The Map phase of the `mapreduce` algorithm is complete when the map function processes each of the chunks of data in the input datastore. The result of this phase of the `mapreduce` algorithm is a `KeyValueStore` object that contains all of the key-value pairs added by the map function. After the Map phase, `mapreduce` prepares for the Reduce phase by grouping all the values in the `KeyValueStore` object by unique key.

### Requirements for Map Function

`mapreduce` automatically calls the map function for each chunk of data in the input datastore. The map function must meet certain basic requirements to run properly during these automatic calls. These requirements collectively ensure the proper movement of data through the Map phase of the `mapreduce` algorithm.

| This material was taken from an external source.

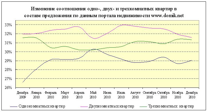 Вполне возможно, что получив официальные (полные) данные о количестве продаж одно-, двух- и трехкомнатных квартир в 2010 году, мы сможем более глубоко проанализировать изменения состава предложения, представленные на этом графике. А пока можем констатировать, что весь год в составе предложения преобладали двухкомнатные квартиры; трехкомнатных было на 0,5 – 2% меньше; однокомнатных еще на 1 - 3% меньше. А то, что в мае удельный вес однокомнатных резко увеличился, можно объяснить введением «Выписок из Реестра прав собственности на недвижимое имущество». Владельцы однокомнатных первыми среагировали на эти нововведения и постарались продать квартиры, не дожидаясь усложнения правил.

The inputs to the map function are `data`, `info`, and `intermKVStore`:

• `data` and `info` are the result of a call to the `read` function on the input `datastore`, which `mapreduce` executes automatically before each call to the map function.

• `intermKVStore` is the name of the intermediate `KeyValueStore` object to which the map function needs to add key-value pairs. The `add` and `addmulti` functions use this object name to add key-value pairs. If the map function does not add any key-value pairs to the `intermKVStore` object, then `mapreduce` does not call the reduce function and the resulting datastore is empty.

In addition to these basic requirements for the map function, the key-value pairs added by the map function must also meet these conditions:

1. Keys must be numeric scalars, character vectors, or strings. Numeric keys cannot be `NaN`, complex, logical, or sparse.

2. All keys added by the map function must have the same class.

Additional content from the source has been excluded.